Regarding Chiropractic Subluxation Theory as a Threat to Public Health?

Richard Bartley, MSc, MCSP, MISCP


July 30, 2001


Dr. Homola claims that chiropractors, at least in the United States, are guilty of practicing pseudo-science that is not only misleading the public, but may even be putting some patients at risk.

Such a claim could be made against most healthcare professions, including mainstream medicine. There is a need for all clinicians, regardless of their professional background, to pursue evidence-based practice.
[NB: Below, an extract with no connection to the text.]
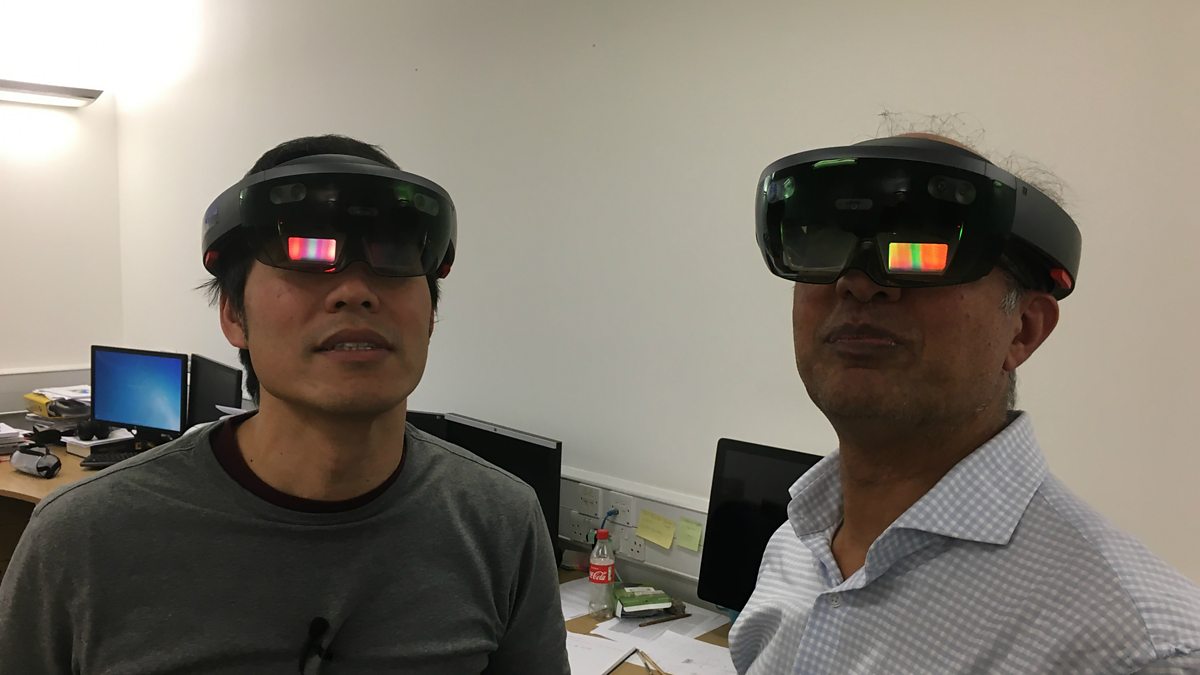 Prof Sanjeev Gupta puts a VR headset on Kevin Fong and transports him to the middle of Gale Crater on Mars. Stunning barren mountains, fields of black rippled sand dunes and remarkable geological discoveries about the planet’s past are all around him, virtually. As a member of NASA’s Curiosity rover mission, Professor Gupta uses the Hololens in conjunction with software developed by the space agency and Microsoft. The OnSight system immerses wearers in the Martian landscape from the perspective of the Curiosity robot’s cameras, enabling Professor Gupta to do geological fieldwork on Mars from his office at Imperial College, London.

My experience of cooperating with UK-based chiropractors has been a positive one. Most seem to practice "common-sense" physical medicine, while having a healthy interest in common medical diseases. Where their scope of practice permits, they work closely with local family doctors in managing patients in the community.

Nearly of all them that I have spoken to consider the term "chiropractic subluxation" to be outdated, and while they quite correctly consider a holistic approach to patient management to be vitally important, few have advocated to me that chiropractic adjustment alone can cure visceral disease.
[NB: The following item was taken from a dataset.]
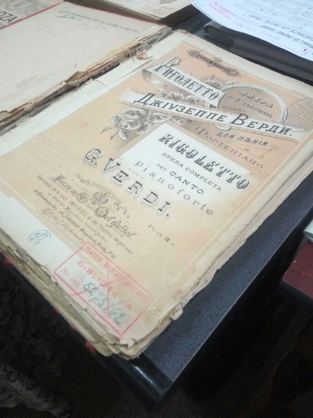 Bibliotecarul muzical Gabriela Petcu are în grija o întreagă colecție de partituri vechi, originale și foarte rare. Unele tipărite la Paris, altele la Moscova, înainte de anii 1900.

Chiropractic intervention, working in consort with orthodox medicine, could potentially result in favorable outcomes in some chronic visceral diseases, for example, asthma. The mechanisms involved may be difficult to explain, but our knowledge of the neurologic system is not yet complete.
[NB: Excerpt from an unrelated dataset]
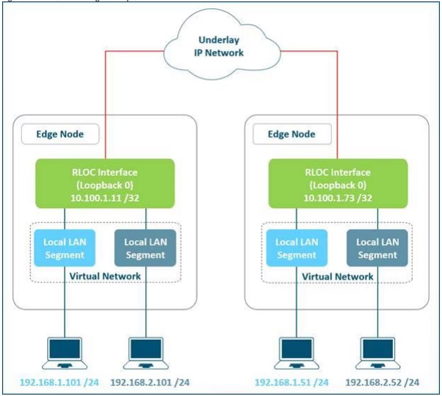 다음 다이어그램은 오버레이 네트워크의 일부인 두 개의 서브넷의 예를 보여준다. 물리적으로 분리된 레이어 3 디바이스, 즉 두 개의 에지 노드에 걸쳐 확장되는 서브넷이다. RLOC 인터페이스는 다음과 같다. 동일한 VN 내에서 동일하거나 다른 서브넷의 엔드포인트 간에 연결을 설정하는 데 필요한 유일한 언더레이 라우팅이 가능한 주소이다.

Undoubtedly, clinical studies are needed to verify such claims, No one would doubt that such research is complex and challenging, and to undertake such a challenge requires considerable commitment from the chiropractic professions.

Where research has been undertaken, chiropractic has been shown to be effective in managing musculoskeletal conditions.

Meade and colleagues,[1] in 1994, demonstrated the effectiveness of chiropractic in managing low back pain. While there were some unfortunate flaws in the study that unjustly showed members of my own profession in a poor light, it did at the very least confirm that chiropractic has an important role in managing patients with musculoskeletal disability.

If Dr. Homola's criticisms of the US-based chiropractors are accurate, then there is indeed cause for concern. I suspect, however, that as in other healthcare professions, US-based chiropractic care consists of the (very) good, the bad, and the ugly.

It is for the professional bodies themselves to regulate the practice of their members. Publicly broadcasted criticism always runs the risk of the professions under attack closing ranks and being seen to defend dogma when in reality they have much to positively promote.